Saturday, April 10, 2010

A RAILROAD IN EVERY LIFE


Some time ago I heard in a genealogy talk a passing comment about the impact of the railroads on the lives of our ancestors. Later I began to think about the many little incidents I had uncovered in my own research about railroads and relatives. Just off the top of my head here's what I came up with. All of these people are in my family lines, but I spared you from hearing just how I'm related. Trust me, they are all mine!

1860s: General Stephen Hurlbut, one of General Grant’s officers in the civil war, served first in militias in Illinois and then in Missouri guarding the Hannibal & St. Joseph Railroad.

1864: Serena and Sophronia, both elderly ladies, were riding in the last car of the morning mail train heading east out of Belvidere, Illinois. The flange on one of the wheels broke and the car “was precipitated down an embankment 20 or 25 feet high without a moment’s warning. The car in its descent turned completely over, smashing the top and sides but landing right side up.” Luckily all the passengers survived, but were badly bruised. The newspaper article says the new car was very new, with many new amenities. It added “It is hoped the builders don’t always furnish that style of wheels.”

1873: John G. Davis and his neighbors in Schuyler county, Missouri filed lawsuits against the St. Louis, Kansas City and Northern Railway Company because they didn’t fence their tracks properly, allowing “property” to be killed. That property was probably a “cow” and Davis was awarded $30.00.

1873: Frank Stevens’ first job at age 15 was learning telegraphy in the Atchison, Topeka & Santa Fe Railroad office in Raymond, Kansas. In 1874 he was given charge of that station and remained with them until 1891.

1880s: Jim & Nannie Dobbins lost their ranch in Colorado. They no sooner got their house and corrals built than they learned the Santa Fe railroad tracks would come directly through their property.

1887: The first picture of my Grandma Jessie was taken in Pueblo, Colorado in a Railroad photo car.

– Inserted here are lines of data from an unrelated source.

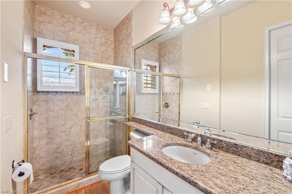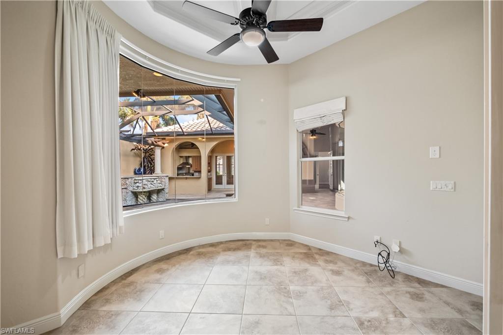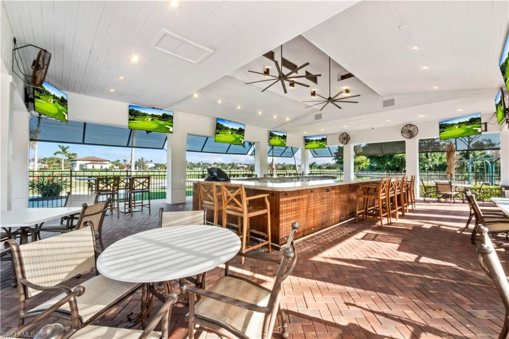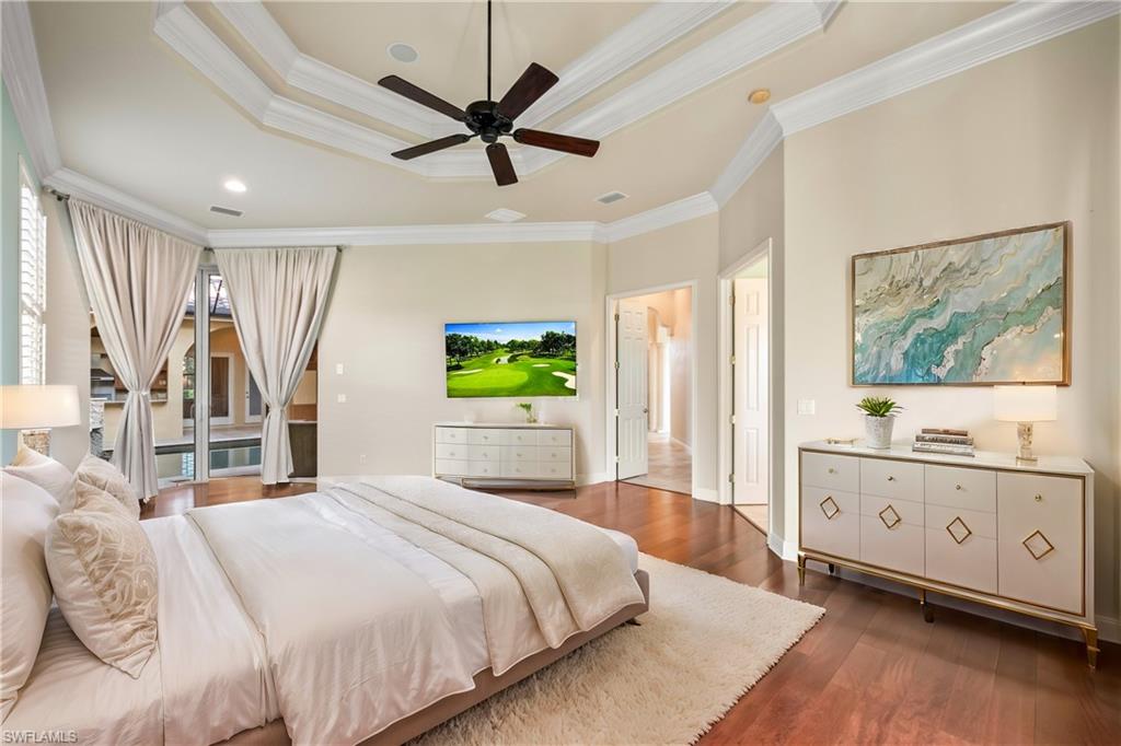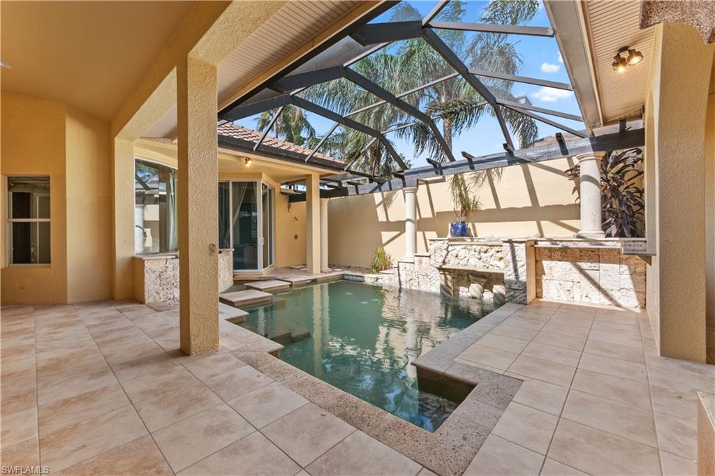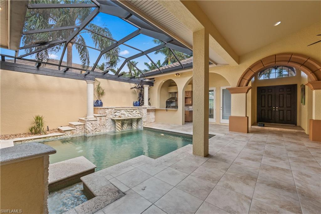 Unparalleled luxury and privacy await in the stunning residence nestled on the 17th hole with spectacular lake views in the exclusive Monteverdi at Renaissance community. Enjoy captivating lake and sunset views from multiple outdoor screened lanais while the private courtyard retreat serves as your personal oasis, complete with a custom pool, spa, cascading waterfalls, and a fully equipped outdoor kitchen perfect for entertaining. Inside, the home boasts high-end finishes throughout, including Brazilian mahogany engineered wood floors, double crown molding, and plantation shutters adorning every window. The expansive living spaces are accentuated by soaring ceilings, tray ceiling accents, and large bay and clerestory windows that fill the home with natural light. For seamless indoor-outdoor living, 9.5-foot pocketing sliders open to reveal two screened lanais, along with automated roll-down shades that offer 94% UV protection. The spacious gourmet kitchen is a culinary delight, equipped with a gas cooktop, convection oven, large island, a bar, and custom cabinetry. A home office provides a quiet workspace, while the gas fireplace adds warmth and charm to the main living area. Each bedroom features its own ensuite bath, while the luxurious primary suite pampers with a jetted Jacuzzi tub, dual walk-in shower heads, a makeup vanity, and custom walk-in closets. Recent updates add modern comfort, including a Halo air purifier system with UV lights on the A/C, two newer A/C units (one just 2 years old, the other 3), and a 2022 pool pump and pool heater added in the past 5 years. The whole-house surround sound with ceiling speakers further enhances the ambiance. Renaissance is a low-density golf and country club community known for its award-winning course, unrivaled tee-time availability, and an abundance of luxurious amenities. The grand clubhouse offers fine dining, tennis, fitness, and social activities, while the communityu2019s ideal location provides quick access to I-75 and is just minutes from Southwest Florida International Airport. Experience refined living in a golferu2019s paradise, where every detail has been thoughtfully designed for comfort, elegance, and style.
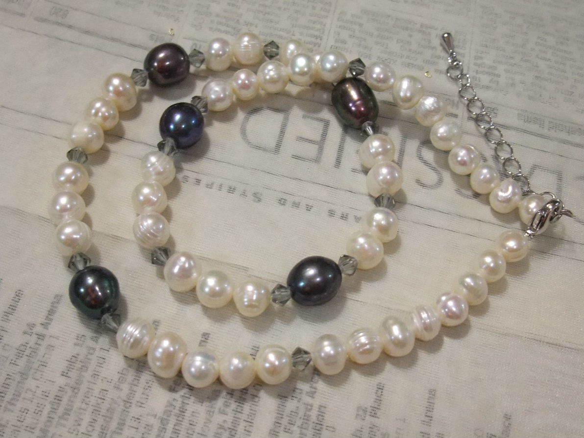 人気セミラウンド系白真珠とオーバル系大粒黒真珠ネックレス淡水真珠♪テリツヤ綺麗なナチュラル系白真珠と大きめ粒黒真珠、キラキラのカットの綺麗なクリスタルカットグラスのクールなお上品系♪淡水真珠の高品質ややバロックセミラウンドポテトで南洋真珠のようなサークル入りでラインに動きのあるタイプ♪♪お素材として使ってもお得で、この価格なら初心者の方でも気軽に製作にお使いいただけます♪♪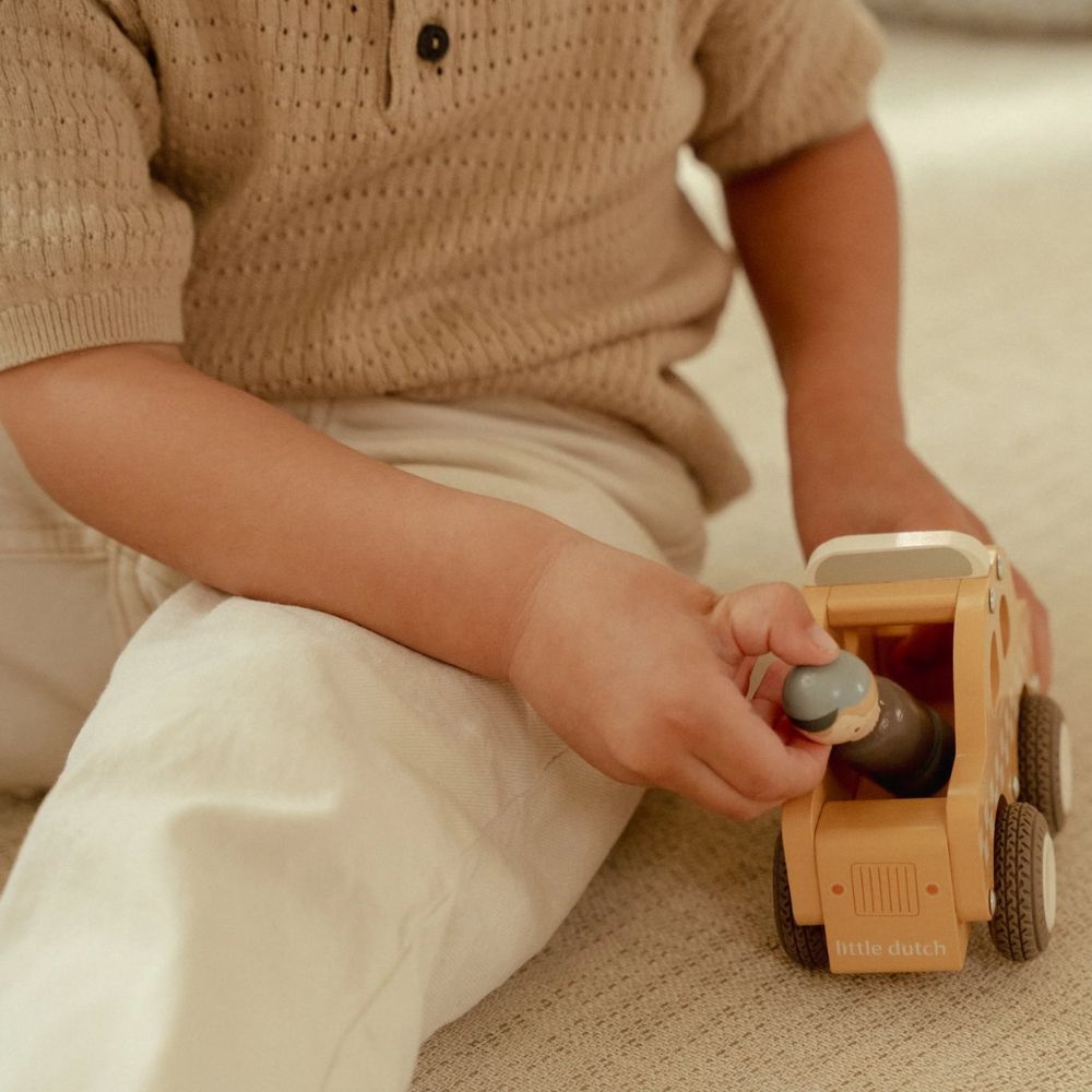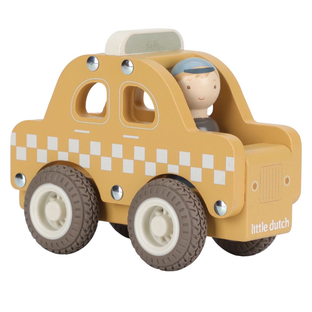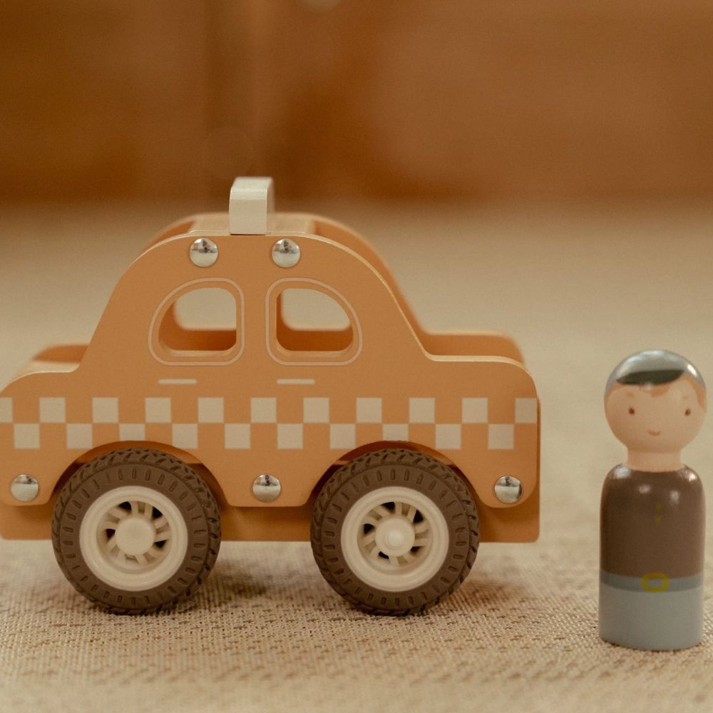 Wsiądź do drewnianej taksówki i ruszaj w drogę! Ta klasyczna zabawka zachęca do kreatywnej zabawy w odgrywanie ról – maluch może przewozić pasażerów po zatłoczonym mieście, odwiedzać stacje i bezpiecznie odwozić wszystkich do domu. Gumowe koła zapewniają płynną i cichą jazdę, a poręczny kształt sprawia, że taksówkę łatwo chwycić małymi rączkami. To ponadczasowa propozycja, która rozwija wyobraźnię, zdolności manualne oraz motorykę dziecka. Drewniana taksówka to idealny pomysł na prezent, który sprawi radość na długo.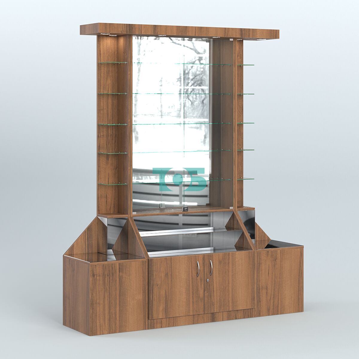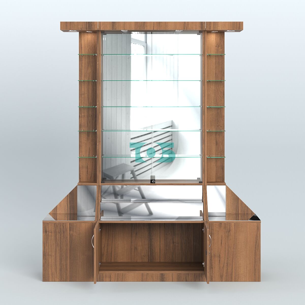 - Витрины оборудованы верхним фризом с подсветкой, зеркальной задней стенкой, запирающимися на ключ дверцами.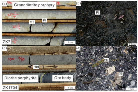 The diorite porphyrite was selected (ZK1704) for LA-ICP-MS zircon U-Pb dating and Hf isotopic analyses, and two samples (ZK1704-1 and ZK1704-2) without alterations for whole-rock geochemistry of diorite porphyrite, which obviously destroyed the integrity of the ore bodies, were selected from the ZK1704 drill core (Figure 3b). The diorite porphyrite has porphyritic texture and massive structure (Figure 4c,d), and the phenocryst minerals are dominated by plagioclase (15%–20%), alkali feldspar (5%–10%), and amphibole (<5%); the matrix minerals are composed of the plagioclase, alkali feldspar, quartz, amphibole, and biotite.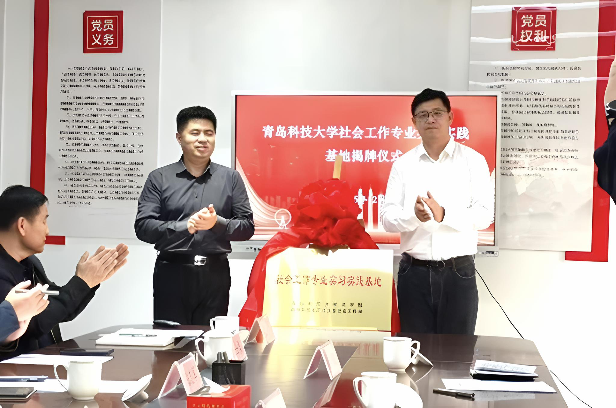 活动中,曲明和许孝磊为青岛科技大学社会工作专业实习实践基地揭牌。河口区3名优秀社区书记被聘为我校社会工作专业校外实训导师。双方围绕社会工作人才共育、项目共研、成果共享等合作机制进行深入座谈。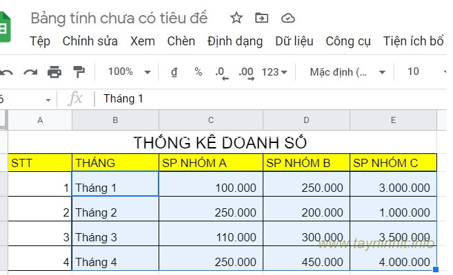 Bạn chuẩn bị 1 bảng dữ liệu trên Google Sheets Excel, nếu chưa biết cách soạn bạn tham khảo bài viết trước tại đây

1893: Aunt Lillie was widowed when her husband, an engineer on the Midland Railroad in Colorado, was killed in a head-on crash in the Rocky Mountain foothills. As Ben McCammon lay dying he willed his house to his widow, as attested by three of his co-workers. This oral will was discovered during a 1977 title search.

1898: In the late 1890s Scott Dobbins played cornet in the Midland Railway Band. In weekly concerts in Colorado Springs he met – and began wooing - the lady who later became his wife.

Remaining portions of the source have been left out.